The Pb–S and Pb–O Bond Lengths in Pb7–MT2(II) Calculated with B3LYP

 bond length (Å) bond length (Å) bond length (Å) bond length (Å)
Pb1–S12.939Pb1–S22.848Pb1–S32.803Pb1–O12.480
Pb2–S42.741Pb2–S52.676Pb2–S62.738  
Pb3–S72.712Pb3–S82.721Pb3–S92.743  
Pb4–S102.753Pb4–S112.712Pb4–S122.720  
Pb5–S132.720Pb5–S142.734Pb5–S152.745  
Pb6–S162.852Pb6–S172.838Pb6–O22.247  
Pb7–S182.715Pb7–S192.758Pb7–S202.738  
Note that all of the above calculations are based on B3LYP, a hybrid functional to fit data primarily for main-group elements.[38] Because of the large exact exchange component (20%), B3LYP is known to favor loose electron densities and low transition energies. To confirm the reliability of B3LYP, the pure functional BP86, a generalized-gradient approximation (GGA) class with zero exact exchange,[38a,39] is used as a control study on the geometry optimization and calculations of the excited states for both Pb7–MT2 complexes. The simulated structures of both Pb7–MT2 complexes from BP86 pure functional (Table S6–9 in Supporting Information) are similar to those from B3LYP hybrid functional. However, the spectra from BP86 pure functional display a significant deviation from the experimental data (Figure S5 in Supporting Information), indicating that the B3LYP hybrid functional is a better choice. The B3LYP hybrid functional produces better spectral accuracy, which can be attributed to its increased amount of Hartree–Fock (HF) exchange. Another point worth mentioning is the “local minima” in the QM optimization. In the QM/MM calculation of biomolecules, the vast size of the available configuration space may cause the QM optimization to stop at local minima. One way to circumvent this problem is to use a reliable structure (e.g., a structure deduced from NMR or X-ray crystallography) at the beginning of the QM optimization.[19] For instance, Subramanian et al. have used the X-ray structure of azurin as the initial structure in the QM/MM calculation of metal-substituted azurins and obtained noticeable structural changes on the active sites when Cu2+ in azurin was substituted by metal ions such as Co2+, Ni2+, or Zn2+.[33a] We adopted this approach by using the Pb2+-substituted Cd4–αMT2 and Cd3–βMT2 structures deduced from the NMR experiments[34] as the initial structures. The theoretical spectra agree well with the experimental results, suggesting a high level of reliability of the calculation and in the predicted structures.

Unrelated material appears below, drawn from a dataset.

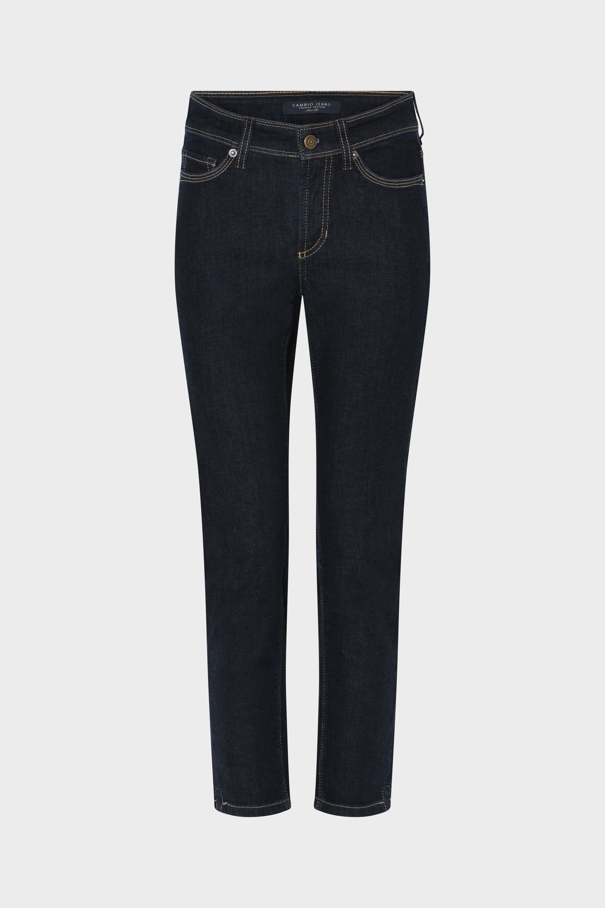 Flot, klassisk buks fra Cambio  Piper Short. Modellen er en klassisk 5 – lommers. Har høj talje, smalle rette ben. Har lille slids forneden ved anklen. Er ankel kort – 27 tommer. Kvalitet 93 % bomuld, 5 % polyester, 2 % elasthan. Farve mørke blå. Slank facon. Vaskeanvisning 30 grader

NMR and Mutational Studies of the Pb7–MT2 Complexes

To provide more experimental evidence to our computational results about the two different Pb7–MT2 complexes, we conducted 207Pb NMR in solutions of the two complexes (Figure 4). Pb7–MT2(I) displays one 207Pb peak at 5679 ppm, while Pb7–MT2(II) exhibit two peaks at 5820 and 4348 ppm. Thus it is clear that the Pb2+ coordination in these two complexes are different. Furthermore, the 207Pb signal of Pb7–MT2(I) at 5679 ppm is well within the chemical shift region (from 5600 to 5800 ppm) where PbS3 species with the trigonal pyramidal coordination are observed.[14c,31a] Thus we conclude that PbS3 is the binding mode in Pb7–MT2(II). For Pb7–MT2(II), the peak at 5820 ppm is also assigned to the PbS3 coordination, given its close vicinity to the 5600–5800 ppm region. Compared to the Pb7–MT2(I) peak, the shift by 141 ppm can be attributed to the changes of the aforementioned Pb–S bond length and the S–Pb–S bond angle in the PbS3 coordination. The lower intensity is indicative of the decreased number of PbS3 clusters in Pb7–MT2(II). The conversion of metal centers in the PbS3 coordination to a different binding mode contributes to the appearance of the peak at 4348 ppm. It is well-known that the NMR signal of 207Pb bound to O-containing ligands is shifted upfield with respect to that bound to S-containing ligands.[40] We therefore assign the peak at 4383 ppm to the PbS3O1 coordination.
Figure 4

207Pb NMR spectra of (red) Pb7–MT2(I), (blue) Pb7–MT2(II), and (black) Pb(NO3)2 at pH 7.0.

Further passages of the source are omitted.